Assignment:
Print the records below exactly as they appear. Omit all pictures.

Data for this exercise:
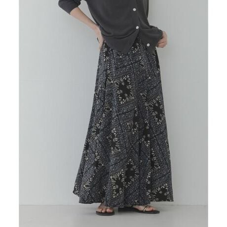繊細なボタニカルモチーフのパネル柄プリントを、シックで落ち着いたブラックと鮮やかで目を惹くブルーのカラーリングでまとめたスカート。
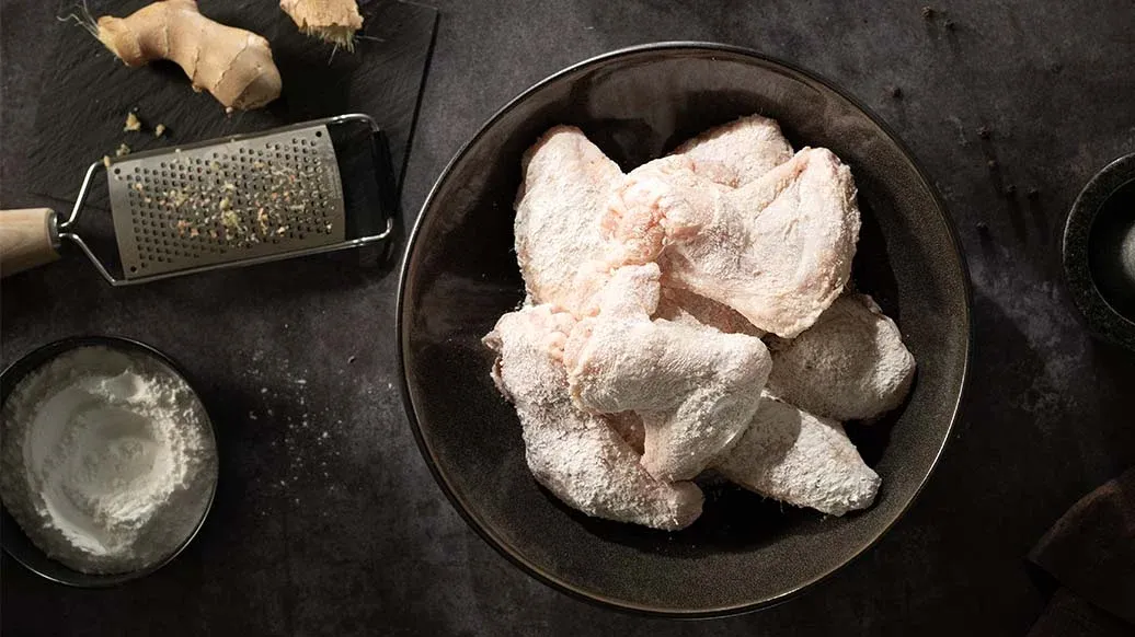 750 g chicken thigh fillets (cut into 5 cm x 5 cm pieces) – 2 pinch of freshly ground pepper – 3 tbsp finely chopped ginger – 150 g cornflour – 2 tsp baking powder
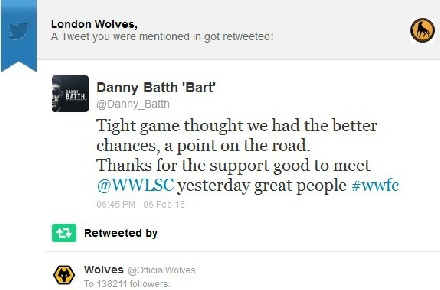 You are respectfully reminded that all content on this website is subject to copyright and Wolverhampton Wanderers London Supporters' Club ("London Wolves") official website must be acknowledged as the original source. Please contact the webmaster for permissions to use any content at webmaster@londonwolves.com All materials/designs on the website are © WWLSC. “London Wolves® is a registered Trade Mark.. London Wolves Ltd is registered in England No: 05329824 Registered Office: 100 Fairthorn Road London SE7 7 FW
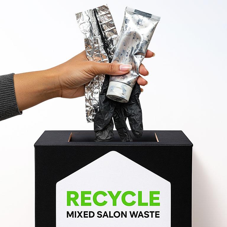 Please send us mixed salon waste including metal color tubes and hair foils, empty plastic product containers, disposable gloves, masks, and used coffee cups.
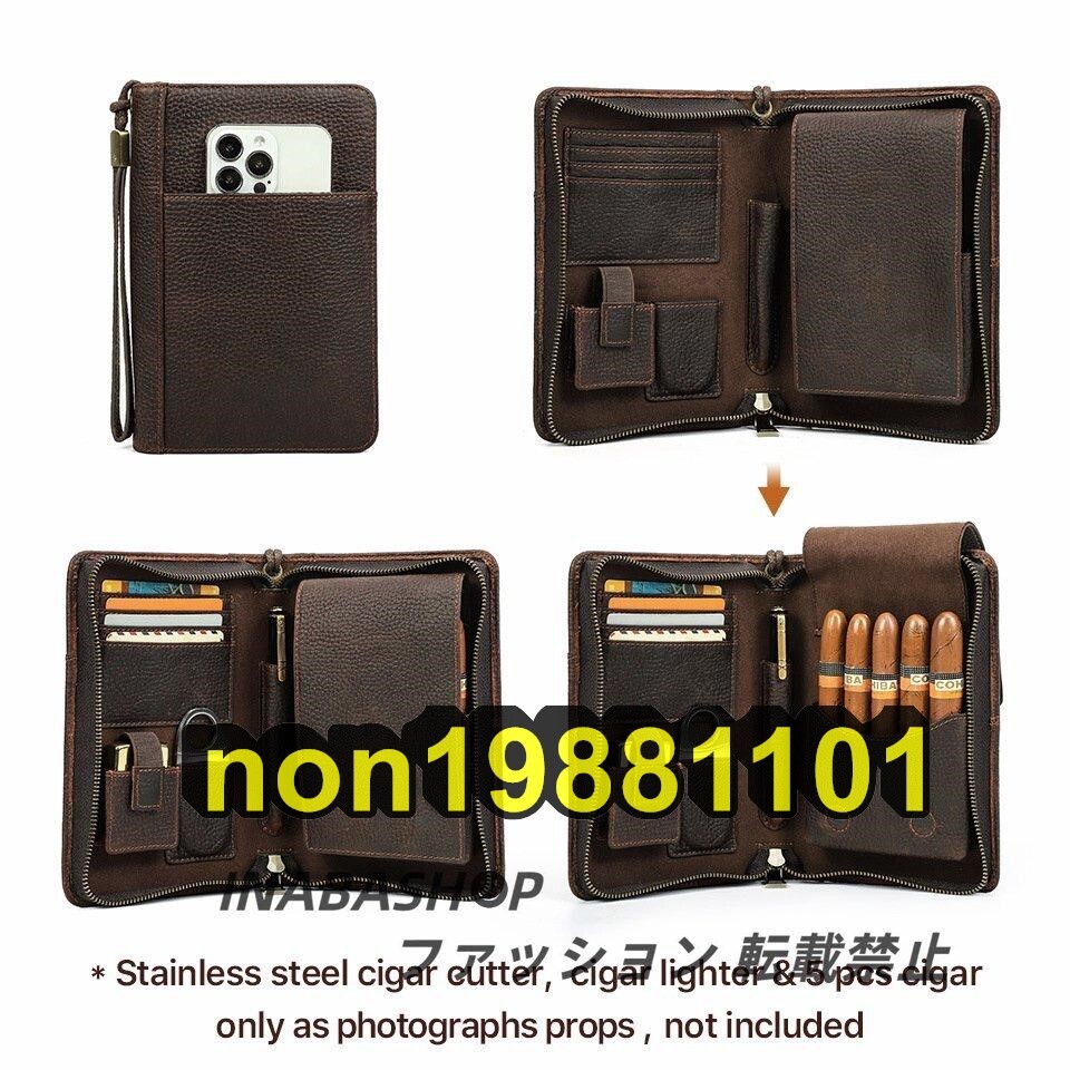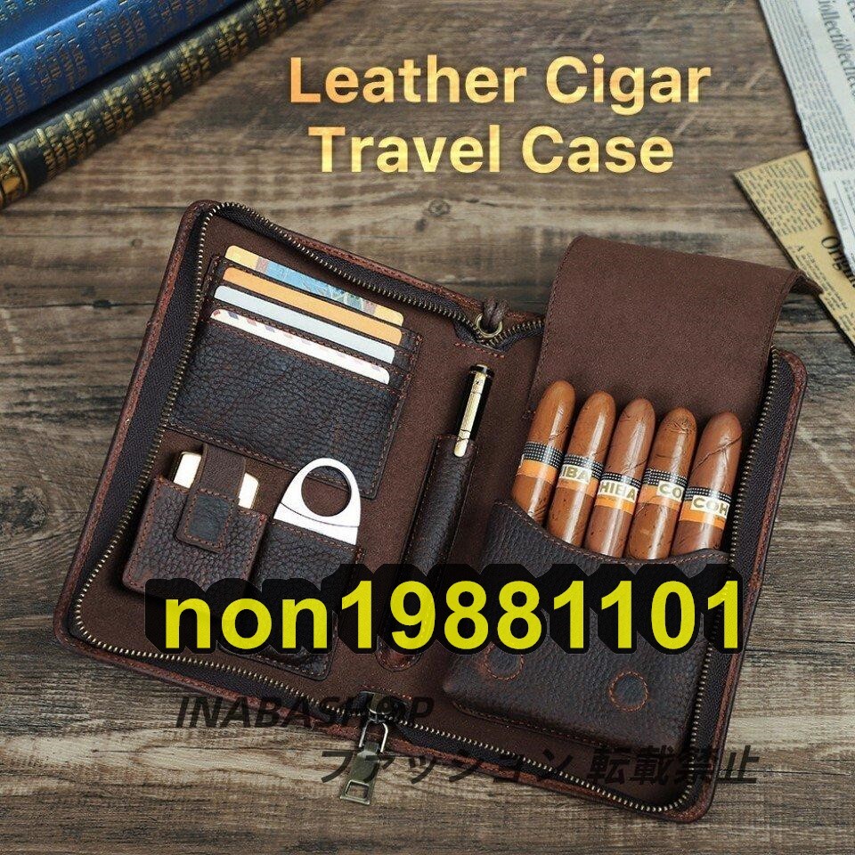 葉巻ケース シガーケース 保湿 携帯 喫煙器具 レザー 皮サック 5本用 本革製品 ポータブル 父の日 贈り物 プレゼント 牛革ケース
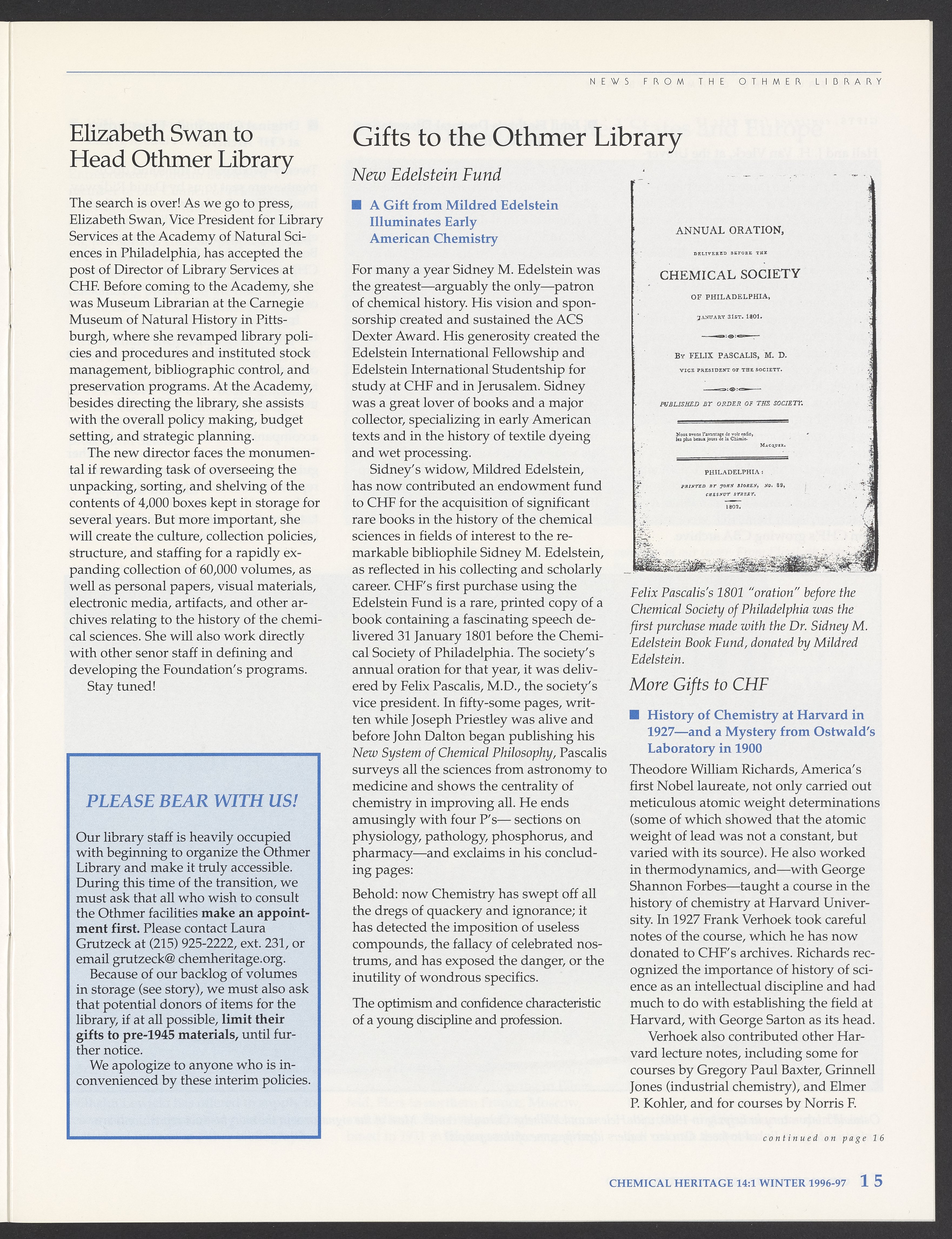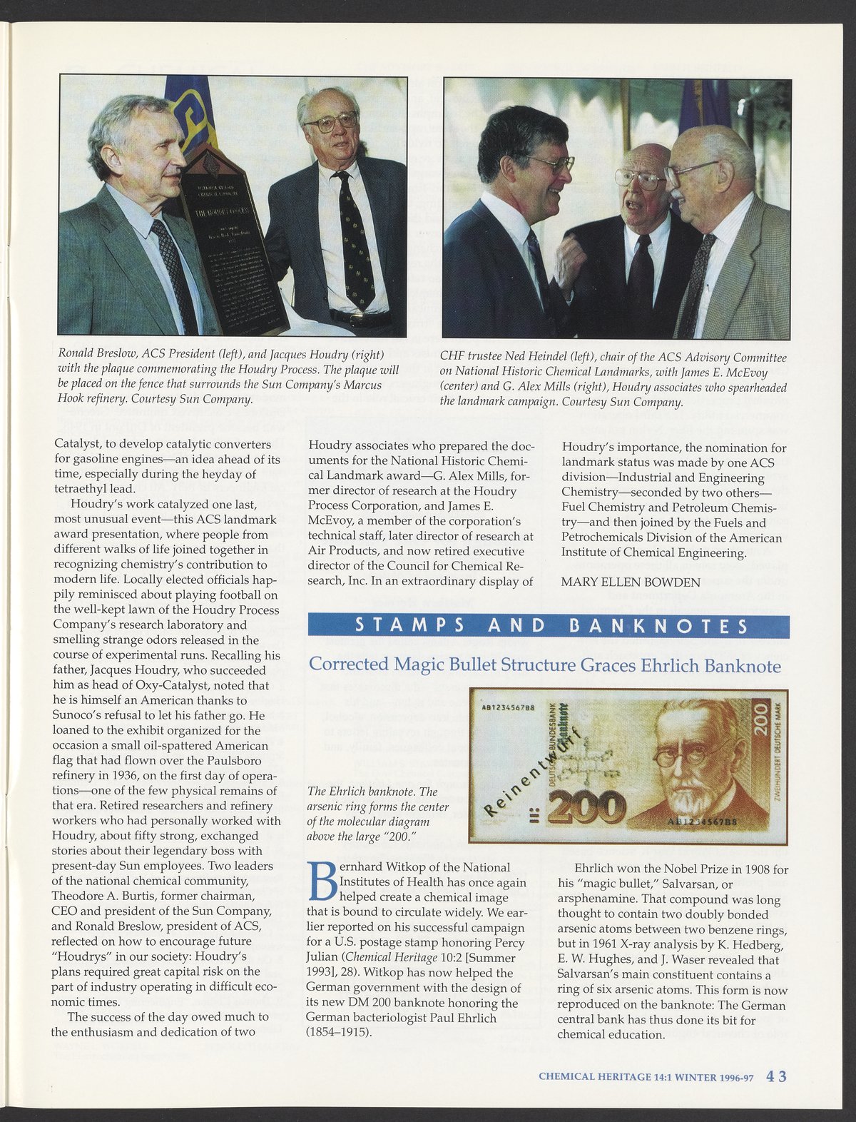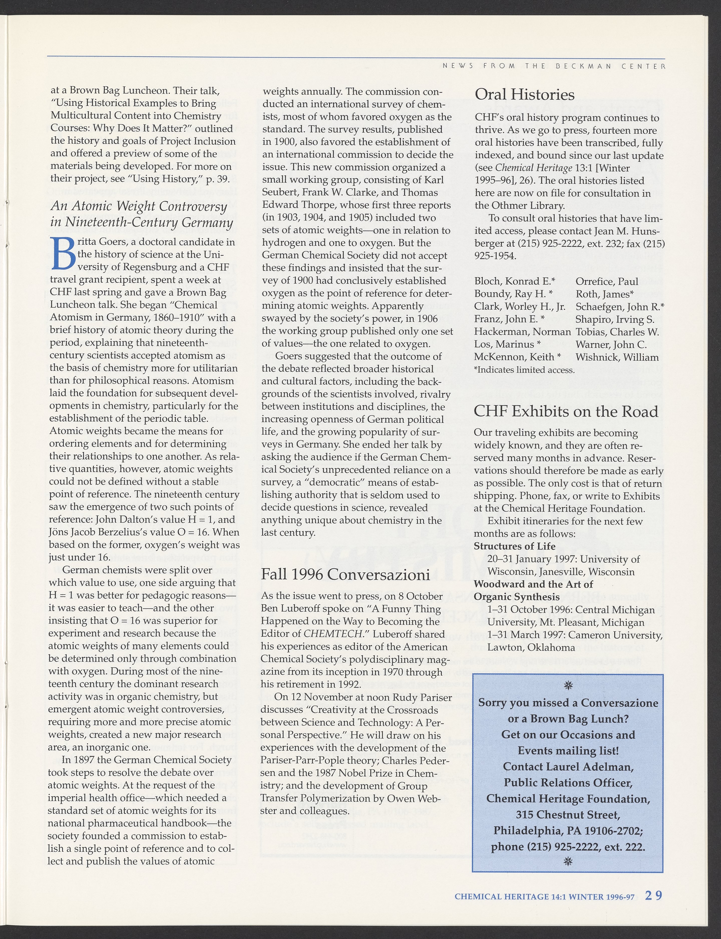 “Chemical Heritage, Volume 14 Number 1.” Philadelphia, Pennsylvania: Chemical Heritage Foundation, 1996. 099C001. Science History Institute. Philadelphia. https://digital.sciencehistory.org/works/5rbmsw4.
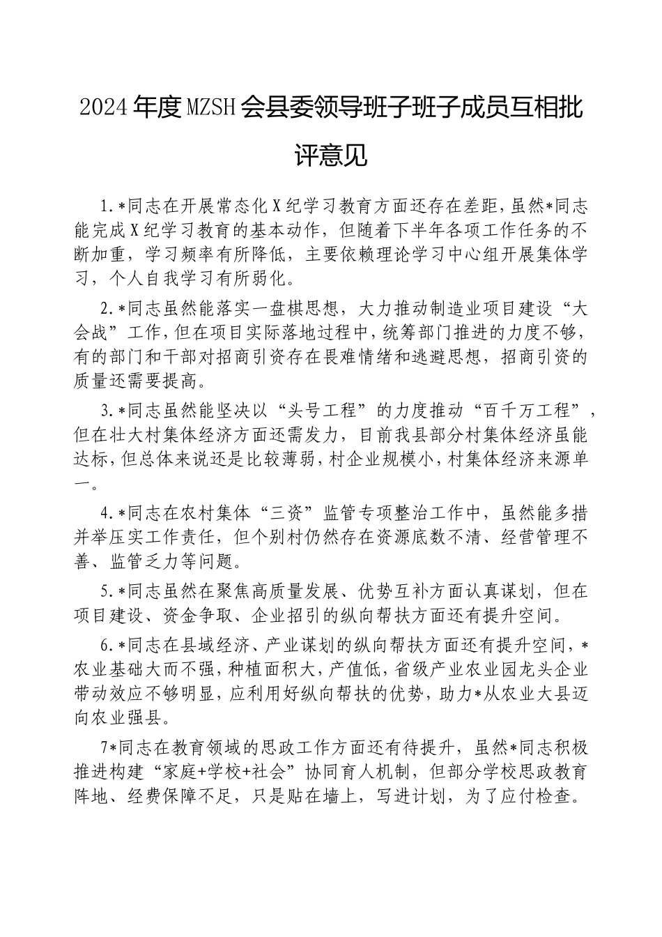2024年度民主生活会县委领导班子班子成员互相批评意见.doc

Finished exercise:
繊細なボタニカルモチーフのパネル柄プリントを、シックで落ち着いたブラックと鮮やかで目を惹くブルーのカラーリングでまとめたスカート。
 750 g chicken thigh fillets (cut into 5 cm x 5 cm pieces) – 2 pinch of freshly ground pepper – 3 tbsp finely chopped ginger – 150 g cornflour – 2 tsp baking powder
 You are respectfully reminded that all content on this website is subject to copyright and Wolverhampton Wanderers London Supporters' Club ("London Wolves") official website must be acknowledged as the original source. Please contact the webmaster for permissions to use any content at webmaster@londonwolves.com All materials/designs on the website are © WWLSC. “London Wolves® is a registered Trade Mark.. London Wolves Ltd is registered in England No: 05329824 Registered Office: 100 Fairthorn Road London SE7 7 FW
 Please send us mixed salon waste including metal color tubes and hair foils, empty plastic product containers, disposable gloves, masks, and used coffee cups.
 葉巻ケース シガーケース 保湿 携帯 喫煙器具 レザー 皮サック 5本用 本革製品 ポータブル 父の日 贈り物 プレゼント 牛革ケース
 “Chemical Heritage, Volume 14 Number 1.” Philadelphia, Pennsylvania: Chemical Heritage Foundation, 1996. 099C001. Science History Institute. Philadelphia. https://digital.sciencehistory.org/works/5rbmsw4.
2024年度民主生活会县委领导班子班子成员互相批评意见.doc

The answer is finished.